**Given records**.

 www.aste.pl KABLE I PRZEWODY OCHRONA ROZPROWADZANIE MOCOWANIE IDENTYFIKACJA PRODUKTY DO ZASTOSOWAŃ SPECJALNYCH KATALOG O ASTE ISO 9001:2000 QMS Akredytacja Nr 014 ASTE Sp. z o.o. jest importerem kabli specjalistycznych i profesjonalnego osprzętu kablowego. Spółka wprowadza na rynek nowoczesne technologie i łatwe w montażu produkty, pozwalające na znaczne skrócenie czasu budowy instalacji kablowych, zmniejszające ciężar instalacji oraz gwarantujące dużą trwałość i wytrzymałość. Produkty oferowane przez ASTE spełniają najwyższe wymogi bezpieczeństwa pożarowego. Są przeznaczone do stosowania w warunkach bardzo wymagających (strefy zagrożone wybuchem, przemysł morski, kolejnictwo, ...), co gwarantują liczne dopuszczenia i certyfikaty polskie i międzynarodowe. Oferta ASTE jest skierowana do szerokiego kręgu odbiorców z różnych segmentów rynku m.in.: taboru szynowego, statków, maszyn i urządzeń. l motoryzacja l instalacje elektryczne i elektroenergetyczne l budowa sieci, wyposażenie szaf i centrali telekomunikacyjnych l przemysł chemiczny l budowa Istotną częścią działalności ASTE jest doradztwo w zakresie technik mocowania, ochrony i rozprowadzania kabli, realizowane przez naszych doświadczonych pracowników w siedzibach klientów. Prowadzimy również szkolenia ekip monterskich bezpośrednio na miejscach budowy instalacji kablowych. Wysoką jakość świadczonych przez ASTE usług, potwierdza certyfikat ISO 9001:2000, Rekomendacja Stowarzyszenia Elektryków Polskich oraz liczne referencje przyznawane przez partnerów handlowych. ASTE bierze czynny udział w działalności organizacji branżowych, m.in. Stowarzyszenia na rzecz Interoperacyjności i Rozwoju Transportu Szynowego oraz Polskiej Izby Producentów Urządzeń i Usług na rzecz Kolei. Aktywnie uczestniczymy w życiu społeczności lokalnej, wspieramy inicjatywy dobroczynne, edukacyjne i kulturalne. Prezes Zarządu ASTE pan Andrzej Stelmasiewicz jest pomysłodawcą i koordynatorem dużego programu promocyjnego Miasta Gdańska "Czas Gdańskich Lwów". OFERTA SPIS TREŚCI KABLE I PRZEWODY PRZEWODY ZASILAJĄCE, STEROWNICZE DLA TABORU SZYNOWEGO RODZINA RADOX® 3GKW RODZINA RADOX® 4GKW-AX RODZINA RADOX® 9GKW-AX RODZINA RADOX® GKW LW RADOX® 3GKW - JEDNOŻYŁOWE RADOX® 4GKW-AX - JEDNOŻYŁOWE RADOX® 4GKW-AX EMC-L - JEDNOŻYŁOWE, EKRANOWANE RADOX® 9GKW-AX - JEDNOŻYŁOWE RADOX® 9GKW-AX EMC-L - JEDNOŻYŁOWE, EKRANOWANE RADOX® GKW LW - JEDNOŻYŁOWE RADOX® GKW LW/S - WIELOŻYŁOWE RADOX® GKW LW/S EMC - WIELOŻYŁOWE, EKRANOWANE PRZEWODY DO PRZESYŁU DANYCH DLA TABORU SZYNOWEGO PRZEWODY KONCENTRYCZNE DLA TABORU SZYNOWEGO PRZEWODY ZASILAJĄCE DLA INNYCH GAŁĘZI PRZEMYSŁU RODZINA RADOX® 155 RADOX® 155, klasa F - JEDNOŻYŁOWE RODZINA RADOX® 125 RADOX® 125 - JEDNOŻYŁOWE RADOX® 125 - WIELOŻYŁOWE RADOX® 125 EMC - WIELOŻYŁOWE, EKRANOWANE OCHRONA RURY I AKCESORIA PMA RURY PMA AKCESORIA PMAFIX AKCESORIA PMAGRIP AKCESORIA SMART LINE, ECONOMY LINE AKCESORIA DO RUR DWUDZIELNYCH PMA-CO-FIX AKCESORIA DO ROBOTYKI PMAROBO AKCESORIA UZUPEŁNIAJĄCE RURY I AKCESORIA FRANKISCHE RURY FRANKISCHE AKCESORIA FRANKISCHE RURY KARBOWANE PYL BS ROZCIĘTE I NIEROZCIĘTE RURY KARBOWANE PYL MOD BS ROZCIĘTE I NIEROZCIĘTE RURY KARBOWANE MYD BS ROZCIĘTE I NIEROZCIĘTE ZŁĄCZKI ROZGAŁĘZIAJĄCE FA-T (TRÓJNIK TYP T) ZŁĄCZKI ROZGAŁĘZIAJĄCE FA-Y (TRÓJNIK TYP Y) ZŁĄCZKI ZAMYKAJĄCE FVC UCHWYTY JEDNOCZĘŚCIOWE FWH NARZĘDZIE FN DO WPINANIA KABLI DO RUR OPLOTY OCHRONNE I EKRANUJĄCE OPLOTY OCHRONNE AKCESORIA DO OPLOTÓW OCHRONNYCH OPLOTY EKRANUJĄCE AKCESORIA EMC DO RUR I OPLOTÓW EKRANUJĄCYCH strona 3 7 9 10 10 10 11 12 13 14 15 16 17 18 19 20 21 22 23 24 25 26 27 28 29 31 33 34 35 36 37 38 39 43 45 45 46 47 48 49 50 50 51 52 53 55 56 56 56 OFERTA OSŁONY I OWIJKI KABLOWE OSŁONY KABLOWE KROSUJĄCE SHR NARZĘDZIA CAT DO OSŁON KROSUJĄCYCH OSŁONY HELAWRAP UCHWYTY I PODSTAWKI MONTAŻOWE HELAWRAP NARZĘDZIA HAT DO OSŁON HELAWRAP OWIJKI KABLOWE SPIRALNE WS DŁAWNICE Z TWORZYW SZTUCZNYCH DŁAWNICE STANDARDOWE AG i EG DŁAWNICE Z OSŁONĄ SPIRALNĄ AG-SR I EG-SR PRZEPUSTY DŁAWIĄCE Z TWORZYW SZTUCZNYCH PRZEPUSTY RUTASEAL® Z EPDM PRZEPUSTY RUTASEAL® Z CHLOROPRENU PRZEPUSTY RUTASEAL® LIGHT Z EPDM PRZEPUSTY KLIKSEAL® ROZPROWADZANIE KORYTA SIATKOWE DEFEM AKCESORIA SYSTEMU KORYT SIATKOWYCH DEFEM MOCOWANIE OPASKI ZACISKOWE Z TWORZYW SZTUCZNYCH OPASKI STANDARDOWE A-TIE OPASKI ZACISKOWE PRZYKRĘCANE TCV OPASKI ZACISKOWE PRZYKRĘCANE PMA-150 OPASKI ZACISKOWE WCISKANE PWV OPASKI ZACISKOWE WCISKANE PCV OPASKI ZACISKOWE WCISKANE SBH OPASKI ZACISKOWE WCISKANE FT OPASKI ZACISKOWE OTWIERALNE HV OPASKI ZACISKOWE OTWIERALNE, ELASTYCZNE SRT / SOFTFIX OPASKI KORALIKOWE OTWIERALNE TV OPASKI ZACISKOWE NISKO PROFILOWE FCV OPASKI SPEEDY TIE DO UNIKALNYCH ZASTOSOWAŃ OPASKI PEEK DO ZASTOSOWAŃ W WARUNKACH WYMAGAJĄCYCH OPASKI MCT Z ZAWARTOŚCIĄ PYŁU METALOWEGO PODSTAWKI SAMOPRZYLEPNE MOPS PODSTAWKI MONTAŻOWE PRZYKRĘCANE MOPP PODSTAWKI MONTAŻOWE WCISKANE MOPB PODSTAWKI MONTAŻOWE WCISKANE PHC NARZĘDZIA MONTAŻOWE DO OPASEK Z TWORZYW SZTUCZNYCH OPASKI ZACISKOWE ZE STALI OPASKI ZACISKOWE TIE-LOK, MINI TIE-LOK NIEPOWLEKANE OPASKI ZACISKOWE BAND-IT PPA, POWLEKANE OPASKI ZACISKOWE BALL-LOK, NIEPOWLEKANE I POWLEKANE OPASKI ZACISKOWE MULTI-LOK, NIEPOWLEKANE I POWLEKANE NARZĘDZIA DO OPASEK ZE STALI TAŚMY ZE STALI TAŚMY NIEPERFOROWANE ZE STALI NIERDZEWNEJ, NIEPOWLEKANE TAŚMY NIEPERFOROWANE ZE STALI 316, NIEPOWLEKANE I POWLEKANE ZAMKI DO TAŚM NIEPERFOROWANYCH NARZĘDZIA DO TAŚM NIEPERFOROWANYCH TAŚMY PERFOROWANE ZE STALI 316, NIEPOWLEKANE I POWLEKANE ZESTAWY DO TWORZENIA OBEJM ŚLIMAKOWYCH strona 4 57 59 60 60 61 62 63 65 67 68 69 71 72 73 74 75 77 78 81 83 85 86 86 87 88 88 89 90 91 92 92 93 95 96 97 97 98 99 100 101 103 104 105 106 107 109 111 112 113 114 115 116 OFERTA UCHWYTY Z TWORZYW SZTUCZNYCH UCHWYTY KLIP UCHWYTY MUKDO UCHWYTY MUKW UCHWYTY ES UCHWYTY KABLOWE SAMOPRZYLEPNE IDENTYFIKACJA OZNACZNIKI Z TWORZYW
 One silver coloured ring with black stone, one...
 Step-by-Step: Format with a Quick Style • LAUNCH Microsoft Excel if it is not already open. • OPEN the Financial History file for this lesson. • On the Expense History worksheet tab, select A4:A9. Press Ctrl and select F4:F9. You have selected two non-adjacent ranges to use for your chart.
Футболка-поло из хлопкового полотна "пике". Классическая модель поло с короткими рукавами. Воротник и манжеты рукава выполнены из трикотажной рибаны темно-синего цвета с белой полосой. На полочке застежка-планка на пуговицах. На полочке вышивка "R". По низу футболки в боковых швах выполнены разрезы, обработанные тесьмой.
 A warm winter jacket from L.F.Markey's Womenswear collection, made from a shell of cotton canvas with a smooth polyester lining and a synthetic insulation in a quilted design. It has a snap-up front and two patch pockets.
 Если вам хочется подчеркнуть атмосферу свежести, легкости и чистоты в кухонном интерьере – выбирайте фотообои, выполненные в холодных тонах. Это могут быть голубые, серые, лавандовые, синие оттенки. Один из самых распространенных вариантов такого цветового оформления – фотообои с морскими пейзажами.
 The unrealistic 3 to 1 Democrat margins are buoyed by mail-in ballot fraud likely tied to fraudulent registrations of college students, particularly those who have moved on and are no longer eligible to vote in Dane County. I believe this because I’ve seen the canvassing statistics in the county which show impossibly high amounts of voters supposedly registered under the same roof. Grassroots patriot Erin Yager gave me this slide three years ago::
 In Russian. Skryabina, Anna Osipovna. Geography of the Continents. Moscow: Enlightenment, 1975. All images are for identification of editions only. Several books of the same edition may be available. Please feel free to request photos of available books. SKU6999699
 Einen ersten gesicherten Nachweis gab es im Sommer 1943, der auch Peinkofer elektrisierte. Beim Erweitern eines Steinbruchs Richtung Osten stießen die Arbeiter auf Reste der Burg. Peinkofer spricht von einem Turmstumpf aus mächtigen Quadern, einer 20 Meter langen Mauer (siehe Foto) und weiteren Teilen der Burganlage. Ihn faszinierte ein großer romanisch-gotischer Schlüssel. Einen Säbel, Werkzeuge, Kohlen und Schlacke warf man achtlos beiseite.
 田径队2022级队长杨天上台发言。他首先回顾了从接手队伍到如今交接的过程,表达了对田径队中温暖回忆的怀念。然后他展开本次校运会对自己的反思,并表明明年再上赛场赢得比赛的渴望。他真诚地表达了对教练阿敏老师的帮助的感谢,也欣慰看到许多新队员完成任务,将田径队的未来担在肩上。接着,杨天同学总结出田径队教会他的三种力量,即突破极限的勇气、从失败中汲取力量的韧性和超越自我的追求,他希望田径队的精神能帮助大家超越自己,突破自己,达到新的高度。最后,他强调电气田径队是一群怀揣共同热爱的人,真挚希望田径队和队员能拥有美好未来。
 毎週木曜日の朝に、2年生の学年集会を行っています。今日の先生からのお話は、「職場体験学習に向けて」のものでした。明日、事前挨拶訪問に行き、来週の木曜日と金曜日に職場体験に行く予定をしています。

**Exercise prompt**.
Where a line of the material holds the word "have", copy that line.

**Response for this exercise**.
 Step-by-Step: Format with a Quick Style • LAUNCH Microsoft Excel if it is not already open. • OPEN the Financial History file for this lesson. • On the Expense History worksheet tab, select A4:A9. Press Ctrl and select F4:F9. You have selected two non-adjacent ranges to use for your chart.
 The unrealistic 3 to 1 Democrat margins are buoyed by mail-in ballot fraud likely tied to fraudulent registrations of college students, particularly those who have moved on and are no longer eligible to vote in Dane County. I believe this because I’ve seen the canvassing statistics in the county which show impossibly high amounts of voters supposedly registered under the same roof. Grassroots patriot Erin Yager gave me this slide three years ago::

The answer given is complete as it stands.